小倉県の改正作業を見てみよう。小倉県では農民から耕地の減少などの申請が相次いだため、県の指導の下にいち早く区戸長や地主総代人が中心となって地押しがなされた。これを、官吏が一郡中の数十カ所について点検した後、地主には地券が交付された。この地押し丈量は明治六年の春には三分の二が済み、翌年春にはすべてが完了した。新たな丈量によって旧藩時代に比べると小倉県の反別は二〇六七町歩増大した。
ここまでは順調に進んだが、地価を定める基となる反当たり収穫量を定める段階で、農民と県は鋭く対立することとなった。当初、県は政府の方針に従って、地価を定めるに当たっては、農民の申し立てによって耕地間の地位の差などを定め、一筆ごとの収穫量(それに基づいて地価)を求め、それを村全体に積み上げ、さらに各村の数値を基本に郡、県全体の地価を定めるという方式をとった。こうした方式によって算定された小倉県の田の平均反当たり収量は米一石二斗九升六合(それに基づく地価は四四円三三銭)となった。しかし、これで地租を算出すると、地租は政府の見込みよりも大きく下回ることになった。このため、政府はこの改正を認めず、一石五斗以上の収穫があるものとするよう求めた。政府から派遣された租税寮の官吏は権令の小幡高政などとともに、この目的を達するため「百方説諭」したが、「僅カニ五分通リ増加」したに過ぎなかった。結局、県を挙げての度重なる説得によって、農民に一石五斗七合一勺の反収(この地価五一円三銭七厘)が押し付けられた。一反当たり七円ほど地価が引き上げられたわけだから、この押し付けによって、小倉県の農民は当初に比べると、一反につき二一銭多く地租を負担することになったわけである。

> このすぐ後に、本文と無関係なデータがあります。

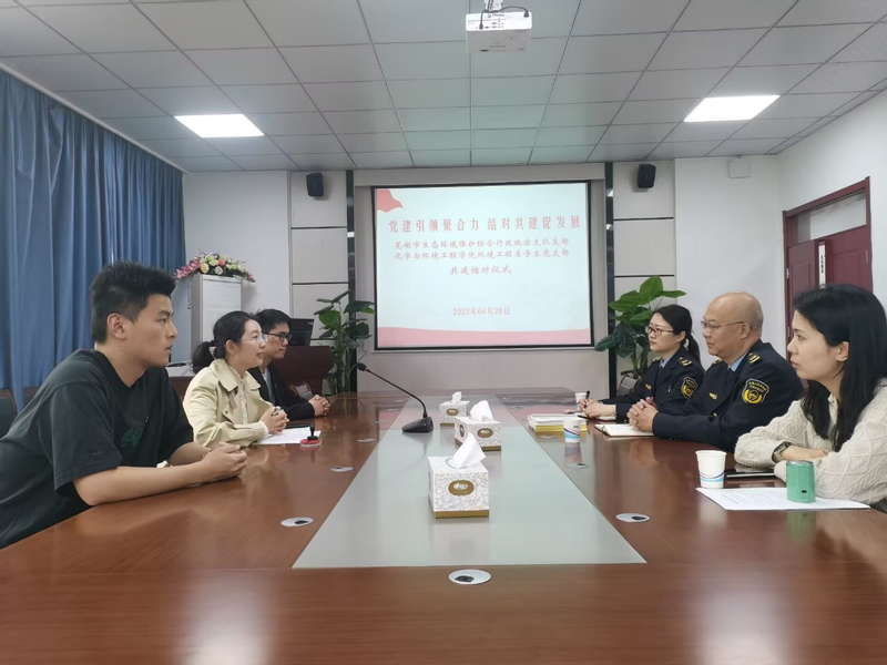 发挥党建引领作用,为支部建设增添新动力,4月28日上午,在​tyc122ccvip会议室举行环境工程系员工党支部与芜湖市生态环境保护综合行政执法支队共建结对仪式,仪式由环工系员工支部支部书记王冰冰主持,芜湖市生态环境保护综合行政执法支队支部副书记任传军、人教科科长吕璐等人参加。

政府が当初の方針を翻したのは、政府財政収入を安定させるために、ほぼ旧貢租並みの税収を確保することを方針としていたからであった。この旧貢租額を維持するために、上から政府が各県に予定地租を割り振り、県はそれを各郡に配分したのである。こうした押し付けの結果、政府は安定した財政収入を得ることができたが、農民は高額の地租を負担することになった。しかもこの地租は金納しなければならなかったから、農民は収穫した米を自ら売却して貨幣を手に入れなければならなかった。純農村に住む農民にとってその負担も大きかった。また、この米穀販売を基点にして、農民は急速に貨幣経済に巻き込まれていくことになった。